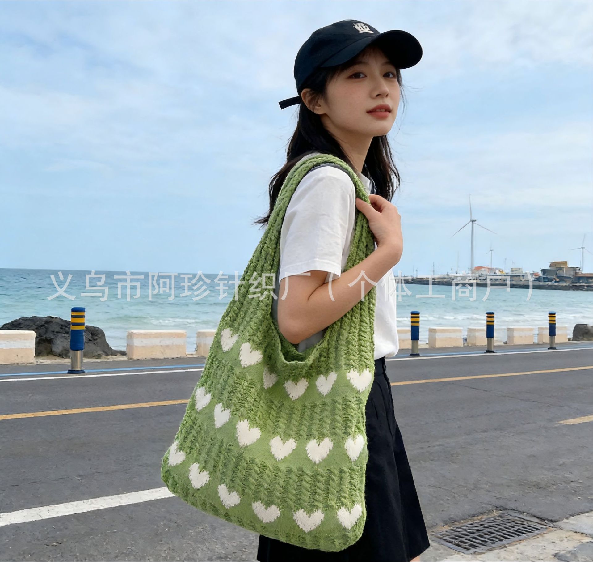 • 해외 직구 인기 상품 니트 빅 로고 토트백 그린 (60-33-12) 소량 재고 즉시 발송 가능
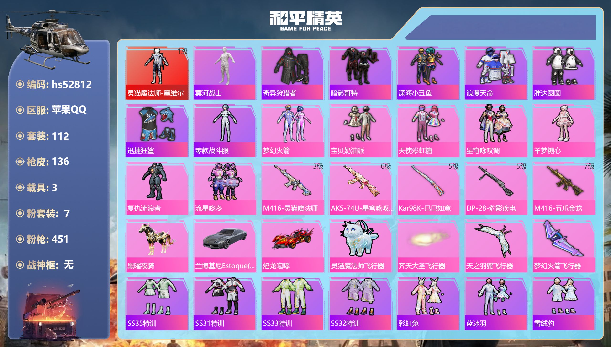 PX_2304529-,苹果手Q-8王牌印记-1红装-7粉装-5特效枪-3载具-49081热力值-112套装-136枪皮-3卓越印记-1传奇印记 【1红装】灵猫魔法师-塞维尔/1级 【7粉装】套装-梦幻火箭,套装-宝贝奶油派,角色-复仇流浪者,套装-天使彩虹糖,角色-羊梦糖心,套装-流星咚咚,套装-星穹咏叹调 【5特效枪】M416-灵猫魔法师/3级,Kar98K-巳巳如意/5级,AKS-74U-星穹咏叹调/6级,DP-28-豹影疾电/5级,M416-五爪金龙/7级 【8稀有紫装】冥河战士,奇异狩猎者,暗影哥特,深海小丑鱼,浪漫天命,胖达圆圆,迅捷狂鲨,零款战斗服 【3稀有载具】黑曜夜骑,兰博基尼Estoque(银翼灰),焰龙咆哮 【112稀有时装】梦幻火箭,宝贝奶油派,天使彩虹糖,塞维尔/1级,星穹咏叹调,羊梦糖心,SS35特训,SS31特训,SS33特训,SS32特训,彩虹兔,蓝冰羽,雪绒豹,SS34特训,紫幽梦,绛羽幽主,浪漫天命,奇异狩猎者,游乐,暗影哥特,深海小丑鱼,迅捷狂鲨,零款战斗服,胖达圆圆,无面战甲,萌鸡速递,元气之梦,粉恋花,云朵鹅,冥河战士,顶瓜瓜,复仇流浪者,流星咚咚,激萌罗小黑,狂沙舞者,异域银装,SS30特训,战术大师,智谋强哥,巳巳如意,SS29特训,焰山流火,龙的传人,特训学院,猎鹰,青年教官,橘黑制服,红色运动,黄色运动,蓝色运动,黄色伏地魔,白色伏地魔,酒红色名流,湖蓝色名流,黄色名流,绯格组合,野性山猫,黑色伏地魔,竞技名士,深蓝色名流,猛禽,长空猛禽,怒火燎原,冷焰舞者,魅力单车,猎梦纪元,甜心亚梦,虚音幻奏,极地朋克,幻世战舞者,萌趣咩咩,娇憨猪猪,春日漫步,冰川特警,夏雨游龙,麻辣教官,沙暴袭击者,完美偶像,人气偶像,暖心橘喵,破蛋小黄鸡,蓝彩潮人,神秘领域,绮丽涂鸦,竞技达人朋克,淡雅花蕊,玲珑飞花,都市魅力,探宝勇士,牛气冲天,SS18特训,飞行日记,瑞龙福将,团圆交子,金耀舞者,异彩先驱,霓虹极客,空投萌叽,SS19特训,光之冒险,SS20特训,SS21特训,玉兔迎春,弄潮海豚,SS22特训,SS23特训,呆萌铁蟹,缤纷果语,王牌教练,柠萌假日,粉红小猪,SS25特训 【136稀有枪械】GROZA-海盐豹豹,M416-灵猫魔法师/3级,AKS-74U-星穹咏叹调/6级,Kar98K-巳巳如意/5级,DP-28-豹影疾电/5级,UZI-冰河战士,M16A4-冰河战士,MK20-H-乌木金纹,M416-五爪金龙/7级,GROZA-无面战甲,Win94-乌木金纹,SVD-冷漠罗丽,AKM-灵猫魔法师,PKM-紫幽梦,汤姆逊-灵猫魔法师,撬棍-灵猫魔法师,DBS-幻彩电音,SCAR-L-冷漠罗丽,Mk14-紫幽梦,蜜獾-乌木金纹,M762-云朵鹅,S1897-紫幽梦,SVD-云朵鹅,P92-紫幽梦,SPAS-12-狂鲨锋刃,M417-玩趣呆呆,MK20-H-狂鲨锋刃,平底锅-紫幽梦,AKS-74U-乌木金纹,AKM-涂鸦街区,Famas-乌木金纹,Famas-霓彩脉冲,SPAS-12-云朵鹅,M249-无面战甲,破片手榴弹-拽到爆炸,信号枪-异瞳寒姬,AKS-74U-鸡智如我,沙漠之鹰-云朵鹅,烟雾弹-冰氧夏日,大砍刀-云朵鹅,P1911-无面战甲,S12K-霓彩脉冲,AMR-鸡智如我,AKM-霓彩脉冲,M416-红色方程式,M416-蓝色火焰,M416-糯团青竹,AKM-影袭,AKM-彩虹符号,AKM-春暖花开,AKM-破晓战魂,AKM-龙的传人,SCAR-L-红色方程式,SCAR-L-玉兔迎春,SCAR-L-黄金龙骨,SCAR-L-炫彩节奏,M16A4-冥河战士,M16A4-幻世战舞者,M16A4-甜心亚梦,GROZA-春暖花开,GROZA-异彩先驱,AUG-耀粉歌者,M762-瑞龙福将,M762-彩虹符号,M762-甜心宝贝,M762-天降萌叽,Mk47-乌木金纹,Mk47-粉色回忆,Mk47-天之羽翼,G36C-乌木金纹,AC-VAL-天降萌叽,AC-VAL-甜心亚梦,AC-VAL-乌木金纹,蜜獾-天降萌叽,蜜獾-垂柳戏鸭,蜜獾-娇憨猪猪,Kar98K-梦幻火箭,M24-乌木金纹,Win94-瑞龙福将,莫辛纳甘-乌木金纹,Mini14-梦幻火箭,Mini14-涂山之恋,Mini14-异彩先驱,Mini14-穿刺龙虾,Mini14-春暖花开,Mk14-暗星紫秘,Mk14-乌木金纹,SLR-彩虹符号,SLR-娇憨猪猪,UZI-娇憨猪猪,UZI-天降萌叽,UZI-啾咪啾咪,UMP45-蓝色火焰,UMP45-春暖花开,Vector-生命誓言,汤姆逊-耀粉歌者,汤姆逊-异彩先驱,野牛-乌木金纹,MP5K-异彩先驱,MP5K-蓝莓炮弹,P90-乌木金纹,S686-彩虹符号,S686-生命誓言,S1897-春暖花开,S12K-幻世战舞者,S12K-瑞龙福将,S12K-娇憨猪猪,S12K-垂柳戏鸭,DBS-第五大道,DBS-甜心亚梦,M249-破晓战魂,M249-彩虹符号,M249-糯团青竹,DP-28-彩虹符号,DP-28-甜心亚梦,MG3-幻世战舞者,MG3-乌木金纹,MG3-瑞龙福将,P92-流星咚咚,平底锅-光之冒险,平底锅-空投萌叽,平底锅-娇憨猪猪,平底锅-甜心亚梦,平底锅-异彩先驱,平底锅-瑞龙福将,撬棍-甜心宝贝,撬棍-环太平洋,撬棍-幻世战舞者,撬棍-冥河战士,AUG-异域银装,M200-乌木金纹,十字弩-异域银装,SPAS-12-乌木金纹,Mini14-香桃花海,P90-巳巳如意,破片手榴弹-巳巳如意 【6稀有飞行器】灵猫魔法师飞行器,鸡智如我飞行器,齐天大圣飞行器,天之羽翼飞行器,梦幻火箭飞行器,异域银装飞行器 【20稀有背包】垂柳戏鸭背包(3级),灵猫魔法师背包(3级),冷漠罗丽背包(3级),绯穹魔姬背包(3级),无面战甲背包(3级),紫幽梦背包(3级),萌鸡速递背包(3级),薄荷星砂背包(3级),云朵鹅背包(3级),蝶变背包(3级),娇憨猪猪背包(3级),异域银装背包(3级),甜心亚梦背包(3级),环太平洋背包(3级),深海小丑鱼背包(3级),冰河战士背包(3级),蓝莓炮弹背包(3级),春暖花开背包(3级),暗星紫秘背包(3级),异彩先驱背包(3级)
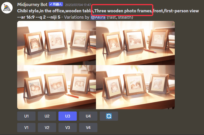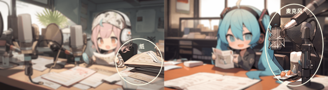 由于midjourney出图结果是随机的,因此我们需要根据画面中所需的不同物品进行生成,包括收音机、麦克风、台灯、纸张、相框等。
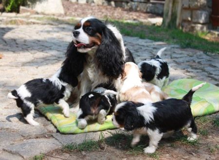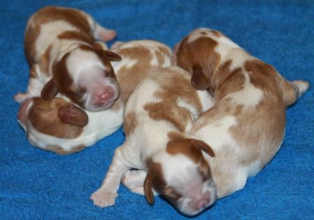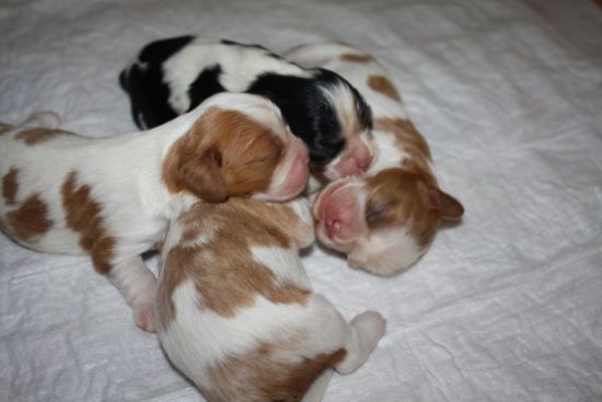 (3 dziewczynki blenheim i 1 tricolor oraz 1 chłopiec tricolor)
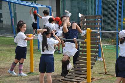 鉄棒や雲梯などを使った運動に取り組みました。
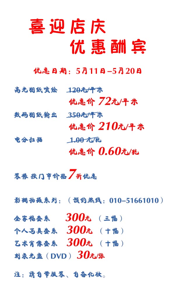 喜迎店庆-优惠大酬宾 2011-5-10
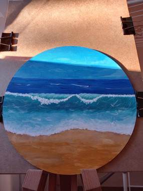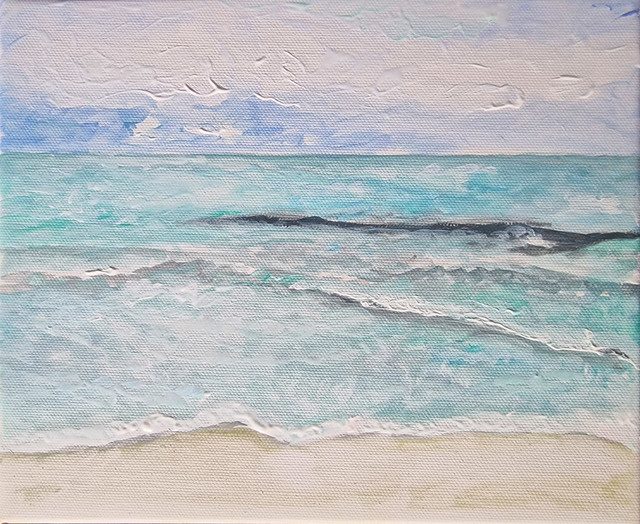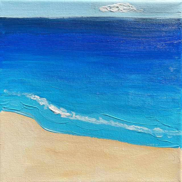 #traditionalart #acrylicpainting #bluesky #calming #lakewater #landscape #sand #summer #myartwork #originalpainting #art #wavessplashing
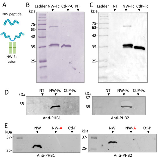 NW peptide interacts with intracellular prohibitins. (A) Schematic illustration of the peptide–Fc fusion construct. (B) The peptide–Fc fusions (NW–Fc and CtlP–Fc) were expressed in HEK293T cells, purified as described in the Section 4, and then analyzed by SDS-PAGE, followed by Coomassie blue staining. Duplicate gels were transferred to nitrocellulose membranes and probed with either anti-human IgG Fc monoclonal antibody (C) or anti-PHB1 or anti-PHB2 monoclonal antibodies (D). NT proteins were prepared from non-transfected cells. (E) Replacement of W with A at positions 2, 6, and 12 (NW-A) inhibited the binding of the NW peptide to prohibitins. Whole-cell protein lysates were incubated with either the wild-type NW peptide (NWYLPWLGTNDW), the alanine-substituted NW peptide (NAYLPALGTNDA), or the control peptide (FYPSYHSTPQRP) and then processed as described for Figure 4A,B. CtlP, control peptide.
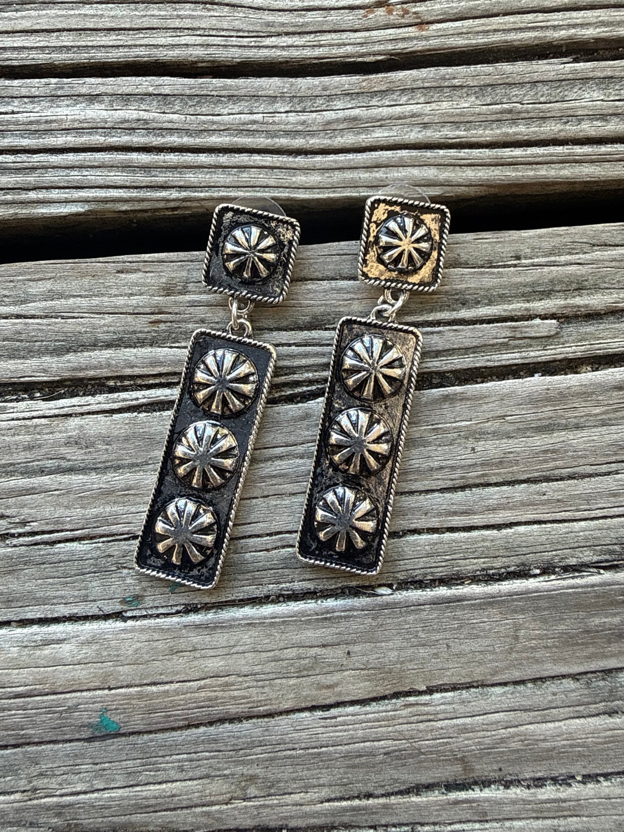 Boho Concho Hat Pins/Earrings Comes In A Set Of 3 Pairs Concho Style 2 w/ Turquoise Stone, 1 Stamped Silver Seen...
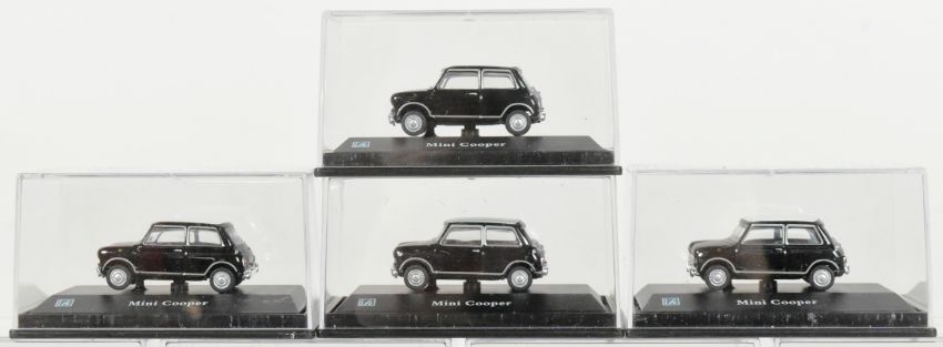Diecast - a collection of x19 Hongwell / Cararama made 1/72 scale diecast Mini Cooper models. Assorted colour ways, all boxed on inner display stands.
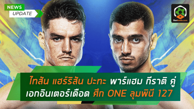 ศึก ONE ลุมพินี 127 วันศุกร์ที่ 3 ตุลาคมนี้ เตรียมระเบิดความมันส์ที่เวทีลุมพินี คู่เอกภาคอินเตอร์สุดดุเดือด “ไทสัน แฮร์ริสัน” มวยบู๊พลังระเบิด วัย 24 ปี จากออสเตรเลีย พร้อมใส่เดี่ยวกับ “พาร์แฮม กีราติ” ดาวบู๊วัย 21 ปี จากอิหร่าน ในกติกามวยไทย รุ่นแบนตัมเวต (135-145 ปอนด์) งานนี้คือศึกเดิมพันศักดิ์ศรีที่แฟน ดูมวยไทย ห้ามพลาดเด็ดขาด
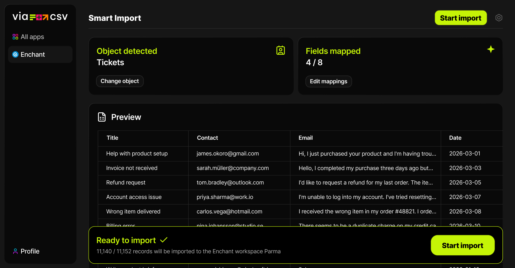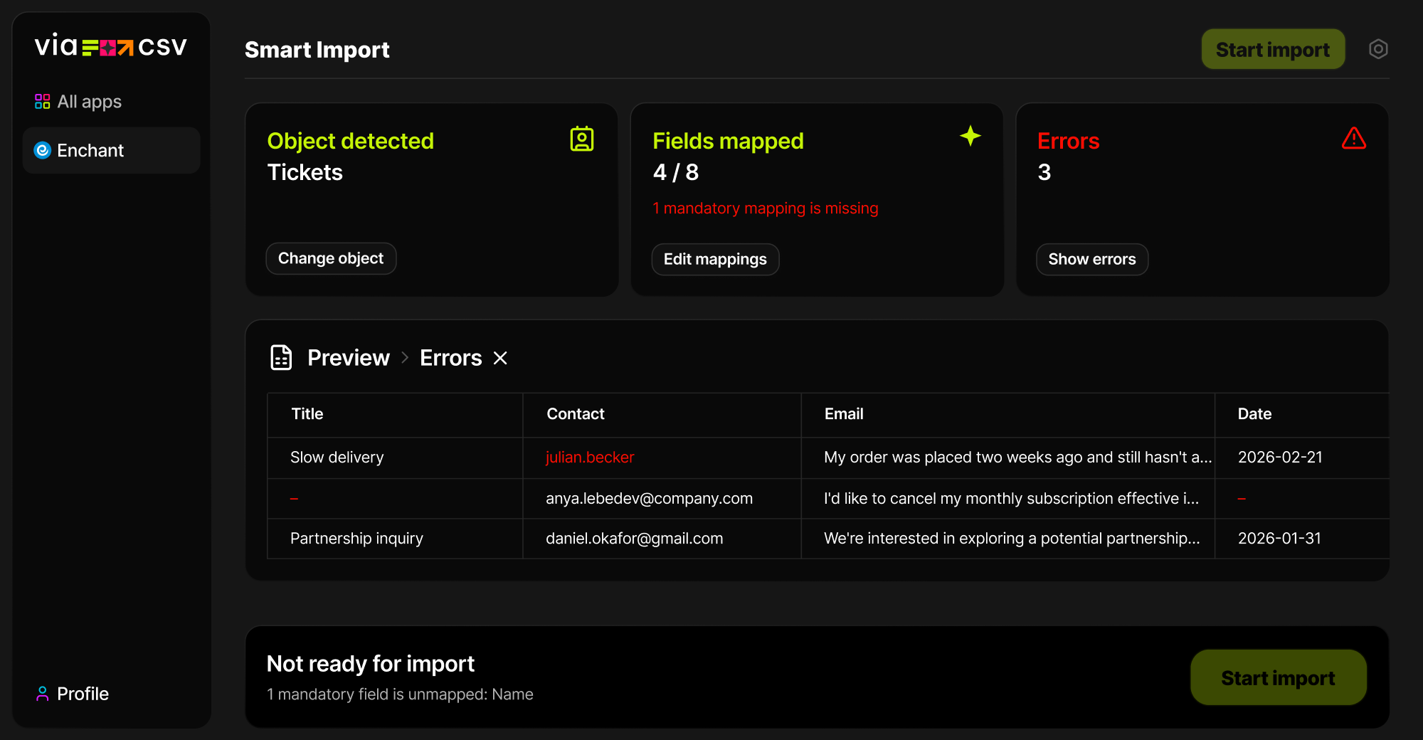 Native import works best when your file is already clean and perfectly structured. ViaCSV is built for real-world CSVs. It helps you map columns faster, clean up messy values, handle format issues, and review the import before anything is written.
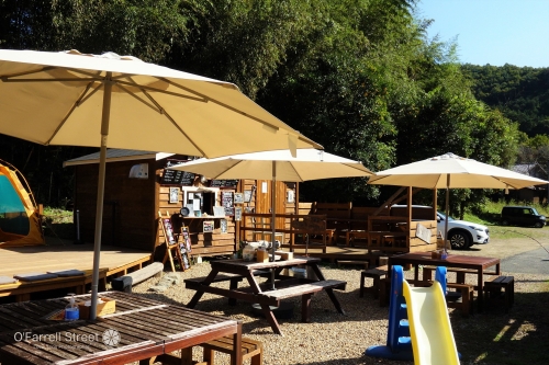 巨岩群で非現実感を満喫したあとは、名草上町の道路沿いにあるログハウスのテラスで、アウトドアなカフェタイムはいかがでしょうか?
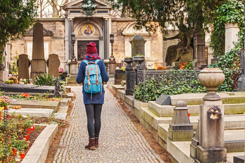 © EdNurg, Fototapeta premium young woman walking at the Vysehrad cemetery in Prague
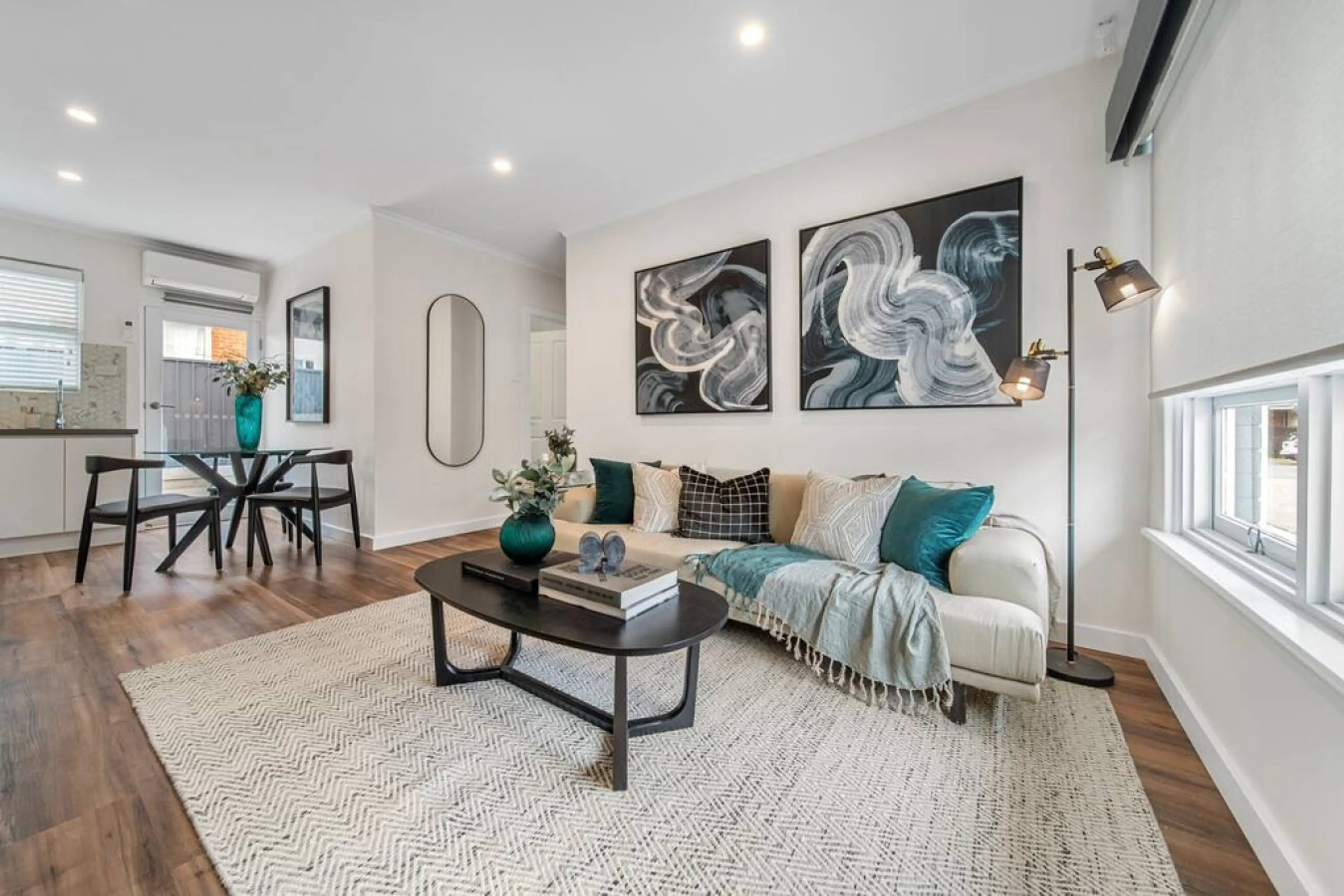 Designed with balance and comfort in mind, this single-level unit pairs modern finishes with a calm, inviting atmosphere. The open-plan living and dining area feels bright and effortless, framed by warm timber floors and soft textures that encourage you to slow down. Settle into the sofa for a relax...

***

◆ WORK INSTRUCTION ◆
In the records above, find the line with "ศึก ONE ลุมพินี" and the line with "巨岩群で非現実感を満喫したあ". Write out exactly those lines and every one between, with no pictures and no other lines.

◆ RESULT OF THIS EXERCISE ◆
 ศึก ONE ลุมพินี 127 วันศุกร์ที่ 3 ตุลาคมนี้ เตรียมระเบิดความมันส์ที่เวทีลุมพินี คู่เอกภาคอินเตอร์สุดดุเดือด “ไทสัน แฮร์ริสัน” มวยบู๊พลังระเบิด วัย 24 ปี จากออสเตรเลีย พร้อมใส่เดี่ยวกับ “พาร์แฮม กีราติ” ดาวบู๊วัย 21 ปี จากอิหร่าน ในกติกามวยไทย รุ่นแบนตัมเวต (135-145 ปอนด์) งานนี้คือศึกเดิมพันศักดิ์ศรีที่แฟน ดูมวยไทย ห้ามพลาดเด็ดขาด
 Native import works best when your file is already clean and perfectly structured. ViaCSV is built for real-world CSVs. It helps you map columns faster, clean up messy values, handle format issues, and review the import before anything is written.
 巨岩群で非現実感を満喫したあとは、名草上町の道路沿いにあるログハウスのテラスで、アウトドアなカフェタイムはいかがでしょうか?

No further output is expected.